Cytokine levels in anti-CD19-CAR T-cell therapy and DSI/DLI
In the anti-CD19-CAR T-cell therapy, the cytokines reached their peaks at 7 to 10 days after anti-CD19-CAR T-cell infusion, and then declined from 14 to 18 days after infusion (Figure3 a).There was no difference in the peaks of IL-6 and TNF-α in the two groups in anti-CD19-CAR T-cell therapy and in the period of aGVHD before DSI/DLI therapy (Figure 3 b c). However, following DSI/DLI therapy, the IL-6 and TNF-α levels increased again in 9 of the 11 patients in the DSI group. All 4 patients who developed aGVHD after DSI therapy were included in these 9 patients. However, the levels of the two cytokines did not increase again in the DLI group after DLI (Figure 3 d).
Observation of AEs upon anti-CD19-CAR T-cell therapy and DSI/DLI therapy
In anti-CD19-CAR T-cell therapy, the clinical symptoms were similar to those reported in our previous studies[21]. These AEs resolved 14–18 days after anti-CD19-CAR T-cell infusion. There was no difference in the incidence of AEs between the two groups during this period (Table 2). In DSI/DLI therapy, at 28-56 days post DSI/DLI treatment, AEs reappeared in the two groups. There was no difference in the incidence of AEs between the two groups during this period as well (Table 2). The duration of AEs in the DSI/DLI treatment ranged from 7-15 days.
Eighteen patients who obtained CR/CRi (18/22, 81.8%) had grade 3-4 hematological toxicity after anti-CD19-CAR T-cell infusion. The other four patients only had grade 2 hematological toxicity. The hematological toxicity in all patients was recovered prior to their subsequent DSI/DLI therapy.
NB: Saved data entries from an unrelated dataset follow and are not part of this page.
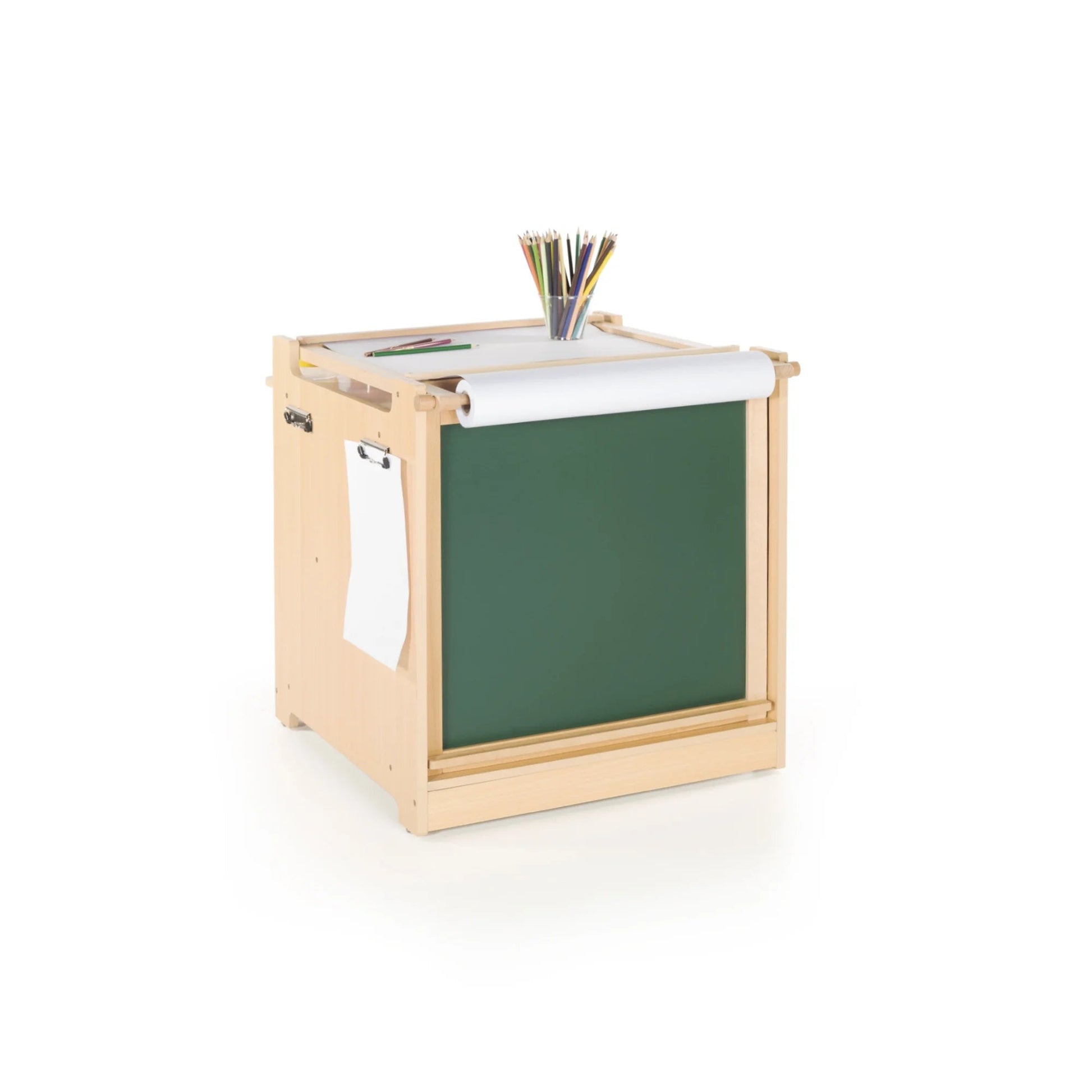- 3-IN-1 ART AND ACTIVITY CENTER FOR PLAYROOMS, CLASSROOMS, AND HOMESCHOOL SPACES: Multiple children 3 and up can create at once using this comprehensive art station. Set comes with 5 paint cups, a full roll of paper, and side clips to display finished work
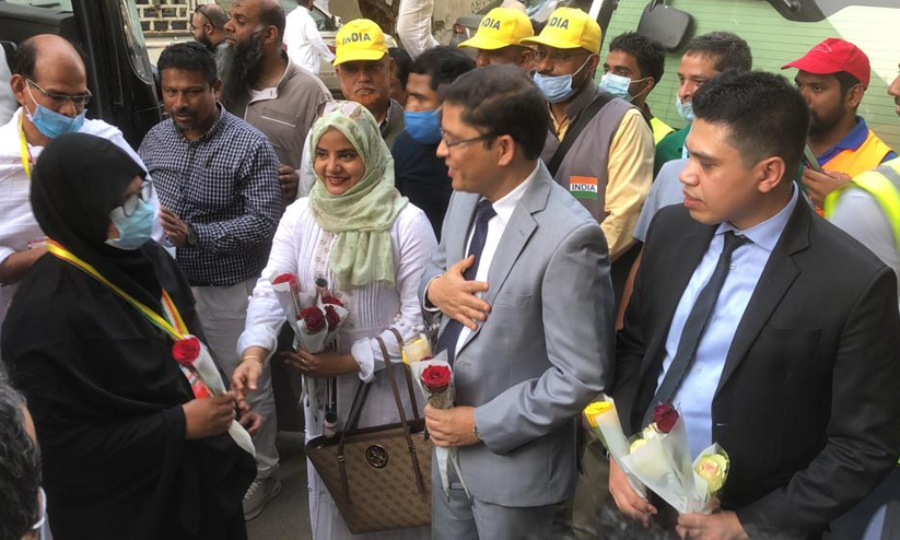 753 ഹാജിമാരാണ് ആദ്യ സംഘത്തിലുള്ളത്. മദീനയില് എട്ട് ദിവസത്തെ സന്ദര്ശനം പൂര്ത്തിയാക്കിയെത്തിയ ഹാജിമാരെ സ്വീകരിക്കാൻ ജിദ്ദയിലെ ഇന്ത്യൻ കോൺസൽ ജനറൽ ഷാഹിദ് ആലം, ഹജ്ജ് കോൺസൽ സാബിർ എന്നിവർ എത്തിയിരുന്നു. വനിതകളും കുട്ടികളും ഉൾപ്പെടെ വിവിധ സംഘടനാ വളന്റിയർമാർ ഭക്ഷണവും സമ്മാനപ്പൊതികളുമായി ഹാജിമാരെ വരവേറ്റു. മക്കയിലെ അസീസിയയിൽ ഇന്ത്യൻ ഹാജിമാർക്ക് ഒരുക്കിയ ഒന്ന്, രണ്ട്, 11 നമ്പറുകളിലുള്ള ബിൽഡിങ്ങുകളിലാണ് ആദ്യ സംഘം ഹാജിമാർക്ക് താമസം ഒരുക്കിയിട്ടുള്ളത്.
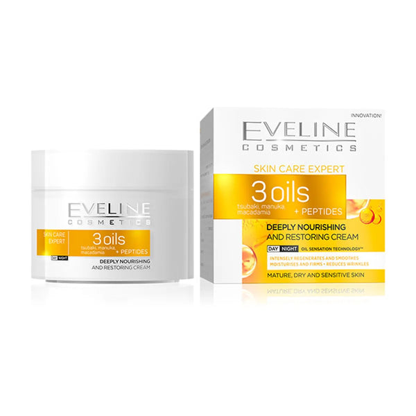 Expertly formulated with a blend of three nourishing oils, EVELINE 3 OILS DEEPLY NOURISHING CREAM provides 24-hour hydration and protection for your skin. This dual-action cream is suitable for both day and night use, leaving your skin visibly smoother and more radiant.
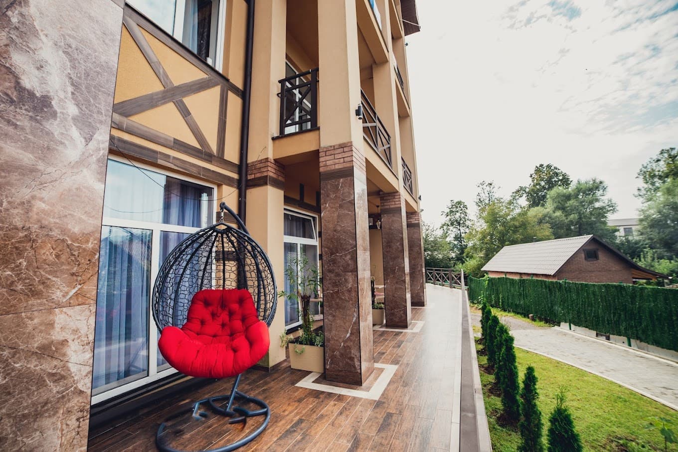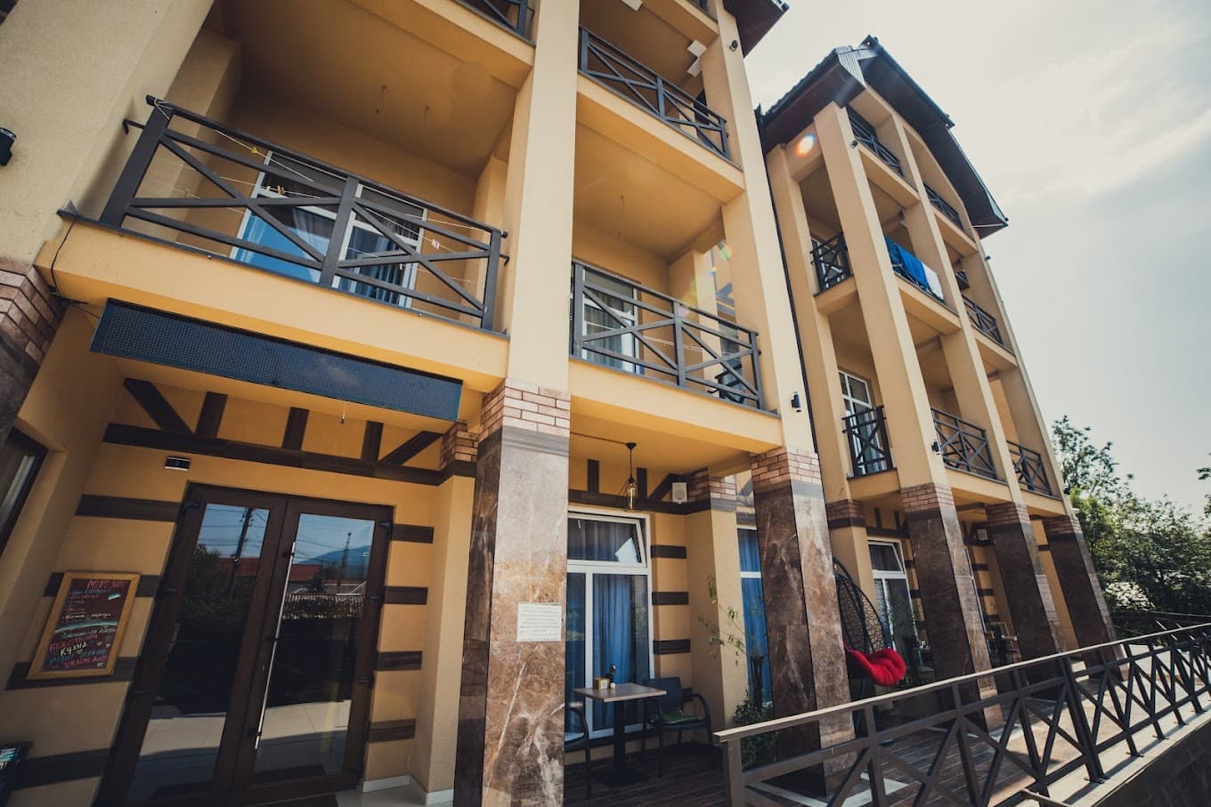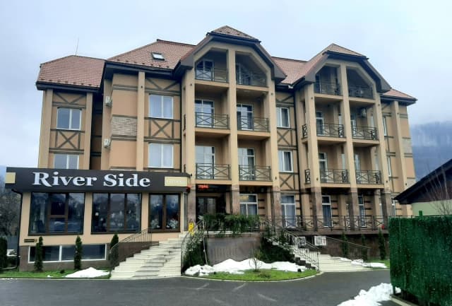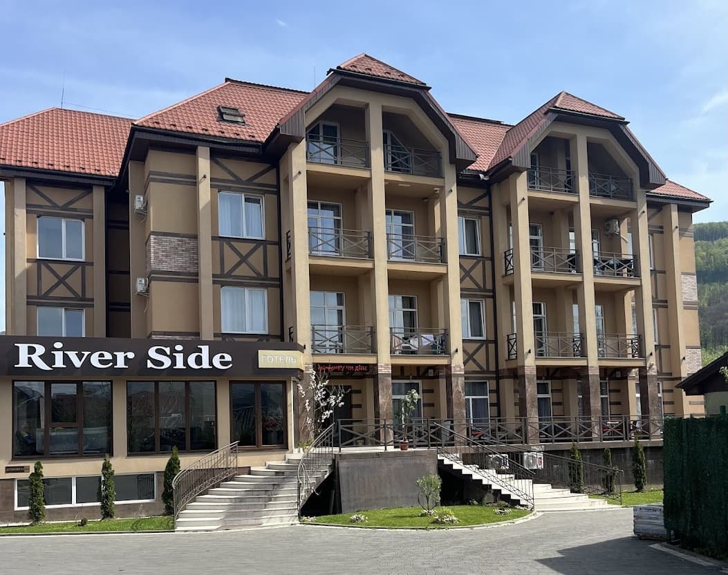Готель «River Side» з видом на гори на березі гірської річки в с. Поляна. В готелі 4 поверхи, власний ресторан із найкращим кухмейстром та 30 номерів в європейському стилі! В кожному номері є приватна ванна кімната, меблі та інші зручності. Також до ваших послуг безкоштовний приватний паркінг під цілодобовою охороною.

In anti-CD19-CAR T-cell therapy, 17 (17/22, 77.3%) patients were diagnosed with grade 0-2 of CRS, whereas 5 (5/22, 22.7%) patients were diagnosed with grade 3-4 of CRS. Only one patient in the DSI group and two patients in the DLI group developed grade 1 ICANS during this period. There were no differences in the grades of CRS and ICANS between the two groups in anti-CD19-CAR T-cell therapy (Figure 3 e f). No CRS or ICANS-related deaths were observed in our study.
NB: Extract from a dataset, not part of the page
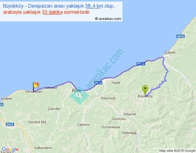 Büyükköy - Derepazarı arası yaklaşık olarak 90 km/h ile yukarıda belirtilen sürede olup, iki yerin kuş uçuşu uzaklığı (mesafesi) 21'dir. Yolculuk otobüsle 42 dakika sürmektedir.
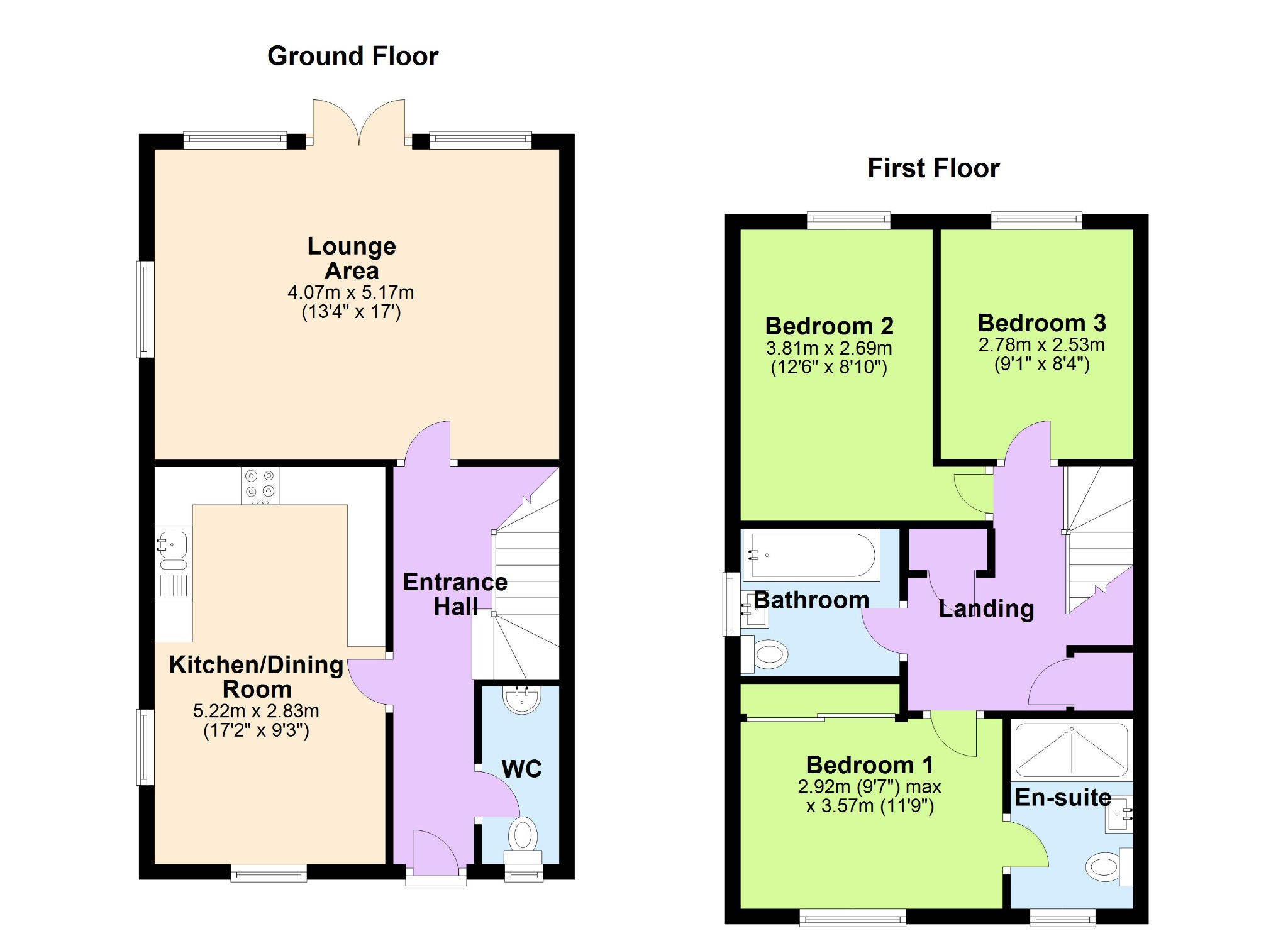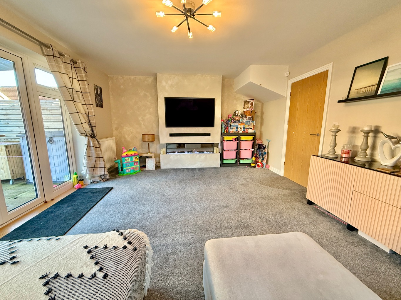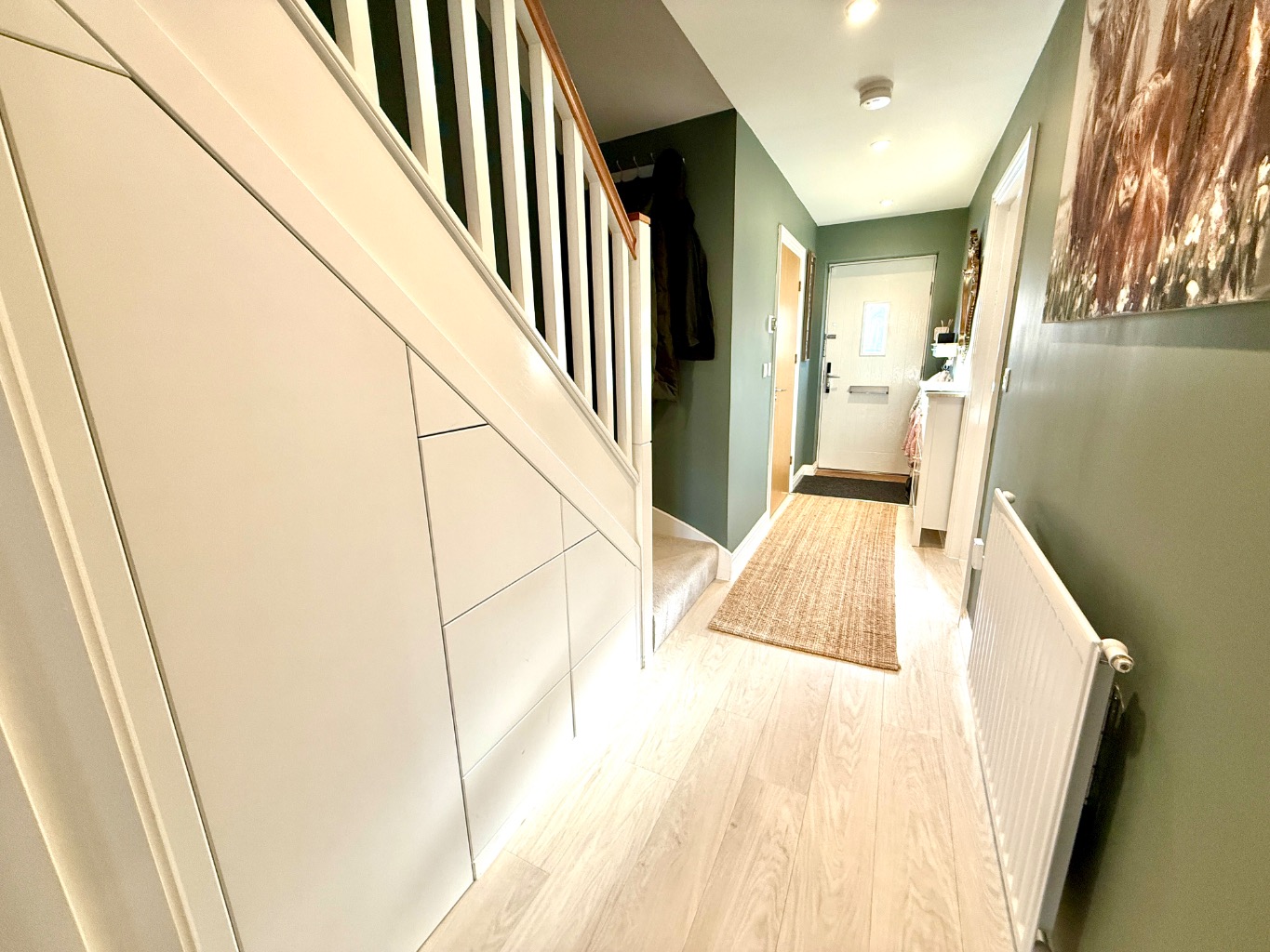 To the first floor, there are two double bedrooms and a good-sized third bedroom, a modern three piece family bathroom.

Antipyretic drugs and methylprednisolone were administered to overcome AEs. Only four patients (Pt DSI 3,5 and Pt DLI 2,4) who developed grade 3-4 CRS received tocilizumab after anti-CD19-CAR T-cell therapy. None of the patients received tocilizumab after DSI/DLI therapy.
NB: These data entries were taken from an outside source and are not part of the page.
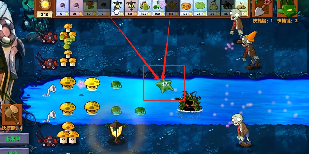 1、仙人掌+三叶草,不占格子,不可被僵尸选中,空中单位且仅对空中僵尸发起攻击,攻速0.75s ,每次发射一枚20伤害的尖刺。
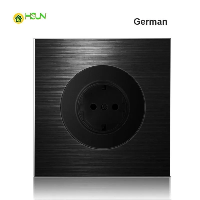 86 Тип 1 2 3 4 банды 1 2way Черный алюминиевый сплав панель Переключатель Розетка пять отверстий Европа промышленность переключатель Франция Германия Великобритания розетка
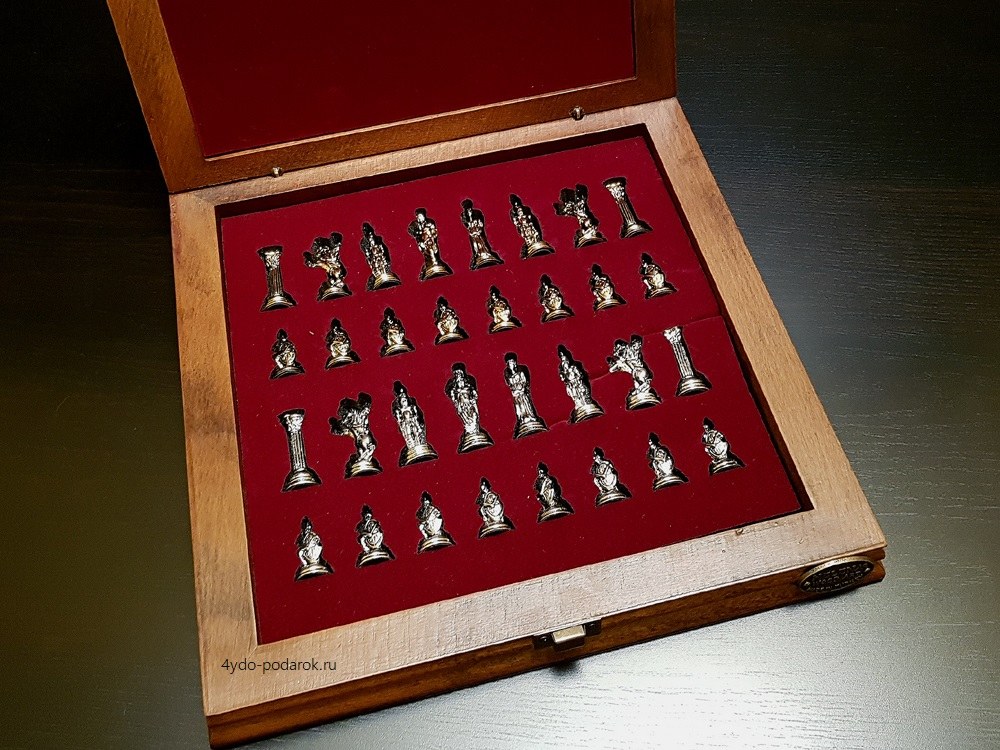 Шахматные фигуры - бронзовые литые, укладываются в индивидуальные ячейки. Фигуры выполнены в античной тематике.
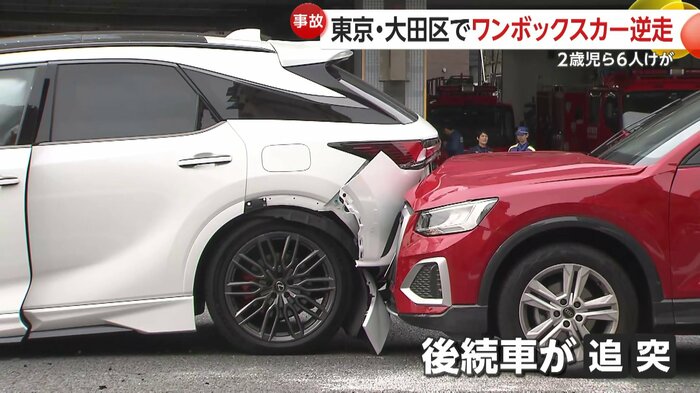 この事故で、2歳と4歳の子供を含む男女6人が軽いケガをした。

Survival after the anti-CD19-CAR T-cell therapy and DSI/DLI therapy
By November 30, 2021, 14 patients survived without leukemia. Anti-CD19-CAR T-cell therapy and DSI/DLI therapy, second allo-HSCT, response to anti-CD19-CAR T-cell therapy, occurrence of aGVHD, PFS and OS, and cause of death are shown in Figure 4a. The rates of PFS and OS at 180 days were 90.91% and 90.91%, respectively, and those at 365 days were 63.64% and 63.64%, respectively, in the DSI group. The PFS and OS rates at 180 days were 50.50% and 50.50% and those at 365 days were 12.50% and 12.50%, respectively, in the DLI group. Although the rates of PFS and OS in the DSI group were higher at 180 days, there was no difference in the rate of PFS or OS between the two groups at 180 days (PPFS=0.064 and POS=0.057). The PFS and OS rates in the DSI group were higher than those in the DLI group at 365 days(PPFS=0.010 and POS=0.009)(Figure 4 b c).Pt 1,2,and 3 did not respond to anti-CD19-CAR T-cell therapy and died of leukemia. Pt DSI 11 and PtDLI 6 died of disease recurrence with negative CD19 expression, whereas Pt DLI 5 and 8 died of disease recurrence with positive CD19 expression. Pt DSI 2 died of cytomegalovirus infection at 720 days post anti-CD19-CAR T-cell infusion and 620 days after the second DSI therapy. Pt DLI 4 died of sudden cardiac death at 83 days after anti-CD19-CAR T-cell infusion and 22 days after DLI therapy without aGVHD.